How to Avoid Getting Sick on a Plane, According to Science
The secret is picking the right seat
Choosing the right seat may be the simplest way to stay healthy on your next flight, according to a new study.
Picking the window seat — and staying put for the duration of your flight — minimizes your chances of coming into contact with a sick passenger and picking up their pathogens yourself, according to a paper published Monday in Proceedings of the National Academy of Sciences. People seated along the aisle are most likely to encounter potentially ill passengers or crew members as they move around the plane, possibly upping their chances of infection.
That finding may seem obvious, but the study is among the first to look specifically at how disease spreads on airplanes, given the widespread belief that flying raises your risk of getting sick.
The researchers behind the new paper traveled on 10 domestic flights, tracking the movements of passengers and crew members during the trips. During the 10 flights, which lasted between 3.5 and five hours each, they only observed one person actively coughing.
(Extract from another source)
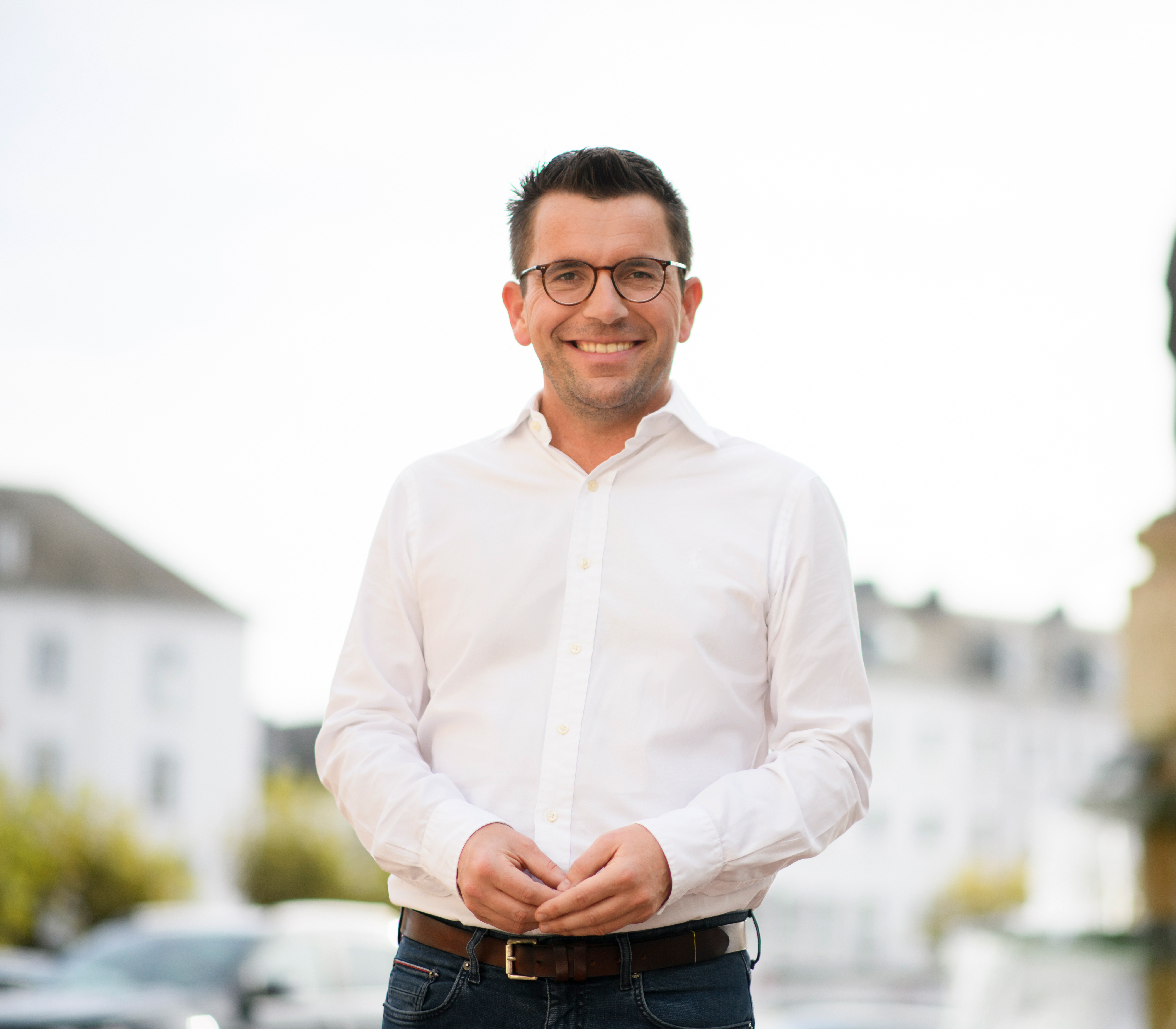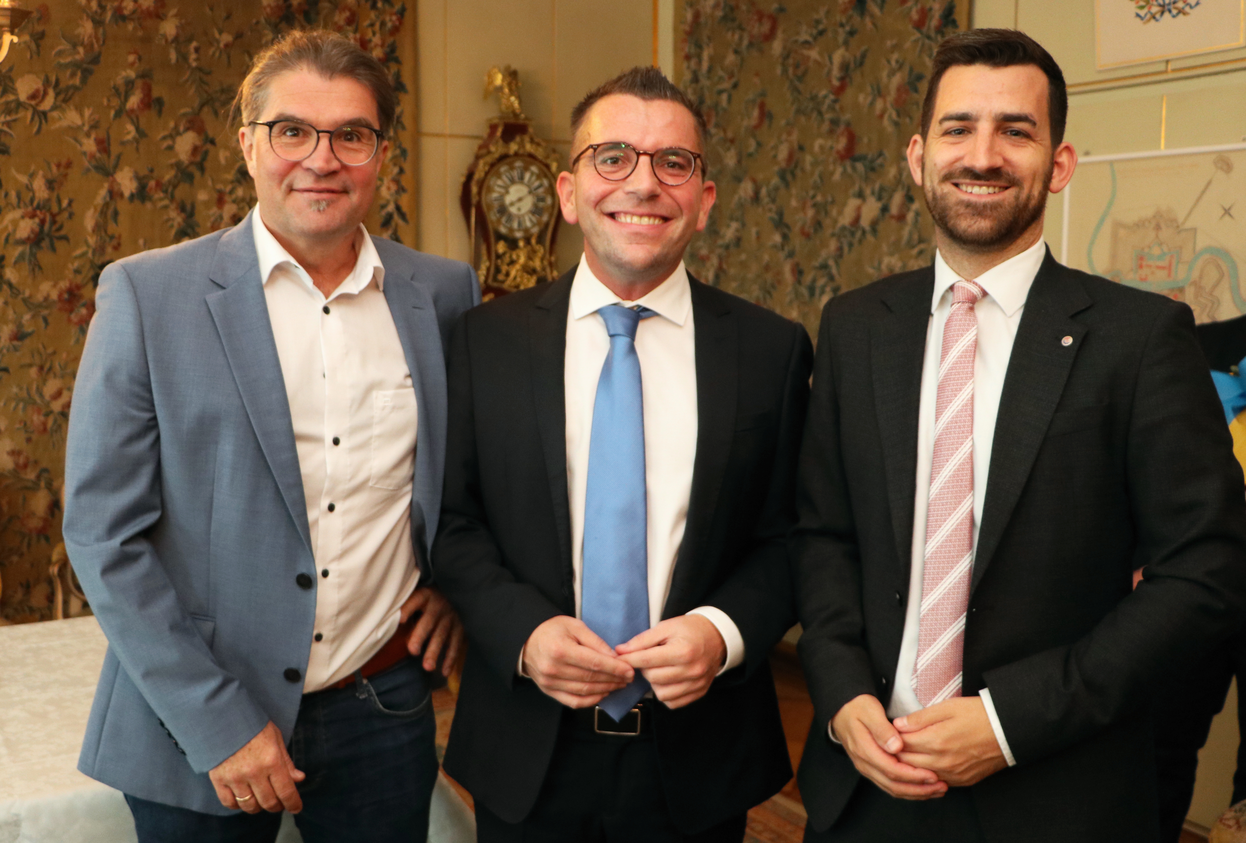 Oberbürgermeister Marc Speicher am Tag seiner Vereidigung mit seinen Kollegen der Verwaltungsspitze, Bürgermeister Carsten Quirin (rechts) und Beigeordneter Gerald Purucker (links).

Swabbing and testing seatbelt buckles also didn't turn up evidence of any of 18 different respiratory-illness-causing viruses on any of the planes, even though eight of the flights occurred during flu season.
Nonetheless, the researchers were able to create disease transmission models using the passengers' movement patterns, as well as what scientists already know about the way respiratory illnesses are spread — namely by sick people coughing, sneezing or breathing around others.
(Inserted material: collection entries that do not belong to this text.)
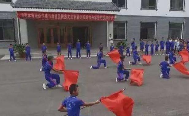 桑植县民族文武职业学校特色桑植县民族文武职业学校重点突出文化教育与体育教育相结合的特点,学校采取全封闭式管理,建立了一套科学完整的管理体制。从校长,教导主任,政工主任及各任课教师,分工负责,各尽其职。形成了良好的校风、教风和学风。文化课开设国家教育部所规定的全部课程,严格贯彻实施新课程教育理念,营造严谨、热烈的学习氛围,努力追求教学质量,全面提高学生素质。武术课开设传统武术、竞赛套路、散打、硬气功等课程,严格培养学生高尚的武术品德,使其获得扎实的武术基本功和散打实战的过硬本领。
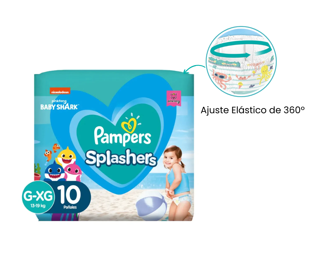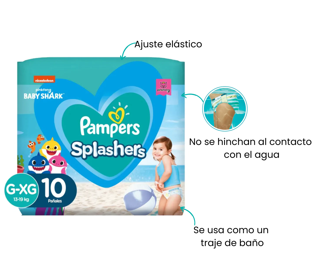 Los pañales desechables para piscina Pampers Splashers están diseñados para divertirse en la piscina, la playa y el parque, ofreciendo comodidad y libertad de movimiento. No se hinchan en el agua como los pañales normales, garantizando un ajuste perfecto incluso cuando están mojados.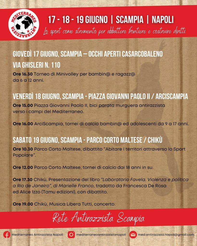 Anche quest’anno, per il nono anno, Napoli rinnova il suo impegno nel percorso del Mediterraneo Antirazzista, manifestazione culturale e sportiva di carattere nazionale che nasce a Palermo 16 anni fa, e che vede al centro “lo sport come strumento per abbattere frontiere e costruire diritti”.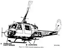 The M3, sometimes referred to as "Aerial Rocket Artillery" (ARA), consisted of two 2.75" 24-Tube rocket launchers, one on either side of the aircraft, along with a Mk 8 sight. The launchers fired in pairs, one from each side to prevent the aircraft from becoming off balance. M3 systems were attached to the helicopter using Bell designed stores racks.[2][3] The only difference between the XM3 and XM3E1 was that the launch tubes on the E1 were 4" longer. The XM3E1 was standardized as the M3.[3]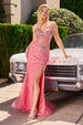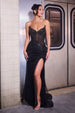 Make a striking entrance in this fitted strapless gown by Ladivine CD727, featuring a deep V-neckline and sheer structured bodice adorned with a linear beaded motif. The shimmering sequin and bead embellishments cascade over a tulle overlay, creating a captivating play of texture and light. Finished with a sultry leg slit and lace-up corset back, it's a bold yet refined choice for prom, black-tie affairs, or elegant evenings.

They found that the 11 people seated closest to a hypothetical sick passenger — the two others in their row, the three passengers in the rows in front of and behind them and the three passengers seated in these rows across the aisle — are the most likely to get sick, while nearly everyone else on the plane has a negligible risk. Outside this radius, people in window seats have the lowest overall risk of getting sick, the researchers write.
All told, a sick passenger is likely to infect, at most, two other travelers, while an ill crew member — who likely moves around the cabin far more during a flight — could infect four or five, the paper says. That said, the researchers note that crew members are unlikely to work if they're very sick, and if they do, they may take medication, which can reduce the risk of transmission.